Maryna Galla narrowly escaped with her 13-year-old son. She said she huddled in the basement of a cultural center along with about 250 people for three weeks without water, electricity or gas.
“We left (home) because shells hit the houses across the road. There was no roof. There were people injured,” Galla said, adding that her mother, father and grandparents stayed behind and “don’t even know that we have left”.
Capturing Mariupol would help Russian forces secure a land corridor to the Crimea Peninsula that Moscow annexed from Ukraine in 2014.
Putin says Russia’s “special operation” is aimed at disarming Ukraine and rooting out dangerous nationalists. Western nations call it an aggressive war of choice and have imposed punishing sanctions aimed at crippling Russia’s economy.
The UN refugee agency said 10 million people had now been displaced across Ukraine, including some 3.4 million who have fled to neighbouring countries such as Poland.
The UN human rights office said at least 902 Ukrainian civilians had been killed as of midnight Saturday, though it says the real toll is probably much higher.
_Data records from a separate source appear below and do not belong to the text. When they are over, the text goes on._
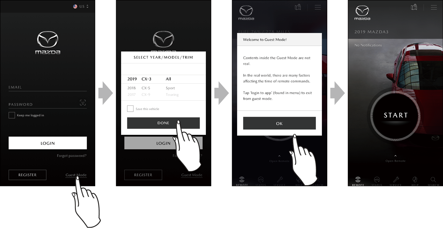 The MyMazda APP comes with a guest mode for a simulated experience of Connected Service. You can do a demo run on the contents of Connected Service even if you do not have a user account and registered vehicle.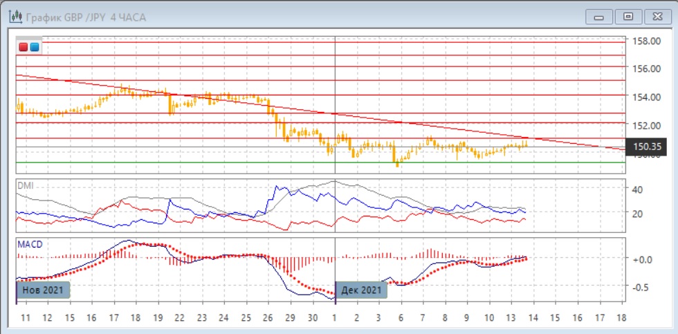 На дневном графике пара остаётся в диапазоне с конца ноября - выше ключевого уровня поддержки 149,25, но ниже сопротивления на 151,00. Постепенно пара приближается к выходу из этого диапазона, так как она приблизилась к линии нисходящего тренда, если строить его с октября. Тренд является медвежьим фактором, а сильный уровень поддержки на 149,25 - бычьим. Дальнейшее движение пары, вероятно, будет в сторону выхода либо выше линии тренда (что обозначило бы разворот), либо ниже уровня 149,25.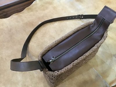 編んだカゴをショルダーバックに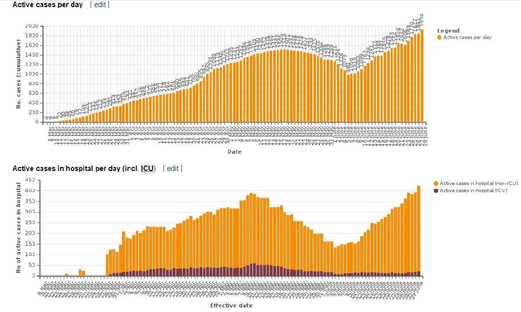 Твърдо около 21-22% от откритите заразени имат нужда от болнично лечение и около 1% от заразените е на респиратор. Което при рязкото скачане на случаите скоро ще препълни болниците.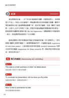 透過這種情境式學習,讀者不只在閱讀本書時吸收效果更好,還可以在平時以聽眾身分參加學術會議時,更有能力觀摩學術會議流程與台上的講者所使用的語言、視覺輔助、肢體動作等細節,讓參加會議不只是看熱鬧,還能看門道。畢竟每個人上台發表研究成果前,都在台下看了無數次別人的口語報告,向好的講者學習,提醒自己避免某些講者所犯的錯誤,都是提升自身口語報告能力的養分。

Ukrainian prosecutors said 112 children had been killed.
Situation in other cities
Al Jazeera’s Assed Baig, reporting from the northeastern city of Kharkiv, said residents have been facing constant bombardment.
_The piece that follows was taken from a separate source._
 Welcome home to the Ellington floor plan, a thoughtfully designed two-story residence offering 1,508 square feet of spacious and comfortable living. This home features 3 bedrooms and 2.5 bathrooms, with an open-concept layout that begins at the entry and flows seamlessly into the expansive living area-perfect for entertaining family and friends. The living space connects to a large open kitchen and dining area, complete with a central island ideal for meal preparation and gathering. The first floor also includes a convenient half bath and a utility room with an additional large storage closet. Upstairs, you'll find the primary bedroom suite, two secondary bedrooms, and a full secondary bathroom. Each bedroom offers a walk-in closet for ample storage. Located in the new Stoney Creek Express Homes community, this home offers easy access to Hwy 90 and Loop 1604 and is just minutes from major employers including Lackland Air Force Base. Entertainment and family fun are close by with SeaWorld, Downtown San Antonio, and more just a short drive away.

“We’ve heard heavy artillery firing all morning and all afternoon,” he said. “This is what Ukrainians here are facing: constant bombing, missile strikes, shelling, [and] heavy artillery.”
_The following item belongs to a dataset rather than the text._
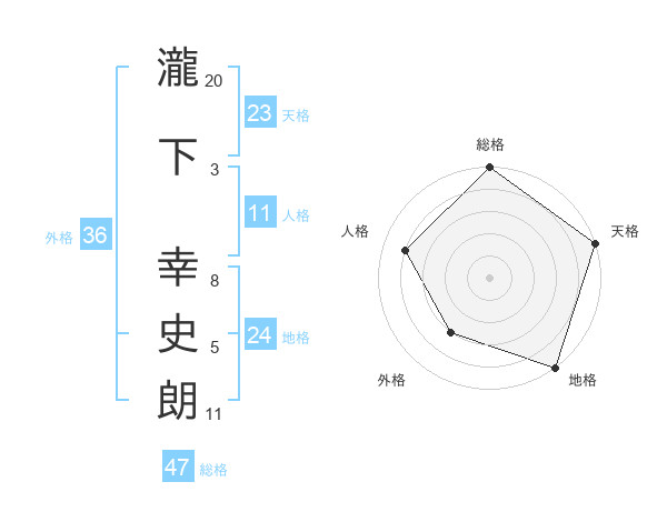 瀧下 幸史朗さんを姓名の画数から五運を鑑定

According to the mayor of Ukraine’s second city, more than 600 buildings including schools and hospitals were destroyed.
In the southern city of Kherson, the only city that Russian forces have captured since the invasion was launched on February 24, a video clip obtained by Reuters showed dozens of protesters, some wrapped in Ukraine’s blue and yellow national flag, chanting “Go home” in Russian at two military vehicles bearing Russian markings.
The vehicles turned and left the area.
Meanwhile, Russia’s defence ministry said cruise missiles were launched from ships in the Black Sea and Caspian Sea, as well as hypersonic missiles from Crimean airspace.
Hypersonic missiles travel faster than five times the speed of sound and their speed, manoeuvrability and altitude make them difficult to track and intercept.
‘Close to agreement’
Turkey said Russia and Ukraine made progress in negotiations to halt the war and that the two sides were “close to an agreement”.
“Of course, it is not an easy thing to come to terms with while the war is going on, while civilians are killed, but we would like to say that momentum is still gained,” foreign minister Mevlut Cavusoglu told reporters.
Kyiv and Moscow reported some progress last week towards a political formula that would guarantee Ukraine’s security, while keeping it outside NATO – a key Russian demand – though each side accused the other of dragging things out.
In an interview with CNN, Zelenskyy reiterated that he was ready for talks with Putin and that the war would not end without negotiations.
“So, I think that we have to use any format, any chance in order to have the possibility of negotiating, the possibility of talking to Putin,” he said. “But if these attempts fail, that would mean that this is a Third World War.”
Later on Sunday, Zelenskyy addressed the Israeli parliament by video link and questioned Israel’s reluctance to sell its Iron Dome missile defence system to Ukraine.
“Everybody knows that your missile defence systems are the best … and that you can definitely help our people, save the lives of Ukrainians, of Ukrainian Jews,” said Zelenskyy, who is of Jewish heritage.
Israel has rejected pleas to provide arms to Ukraine or impose sanctions against Russia or its oligarchs, some of whom are Jewish and have strong ties to Israel.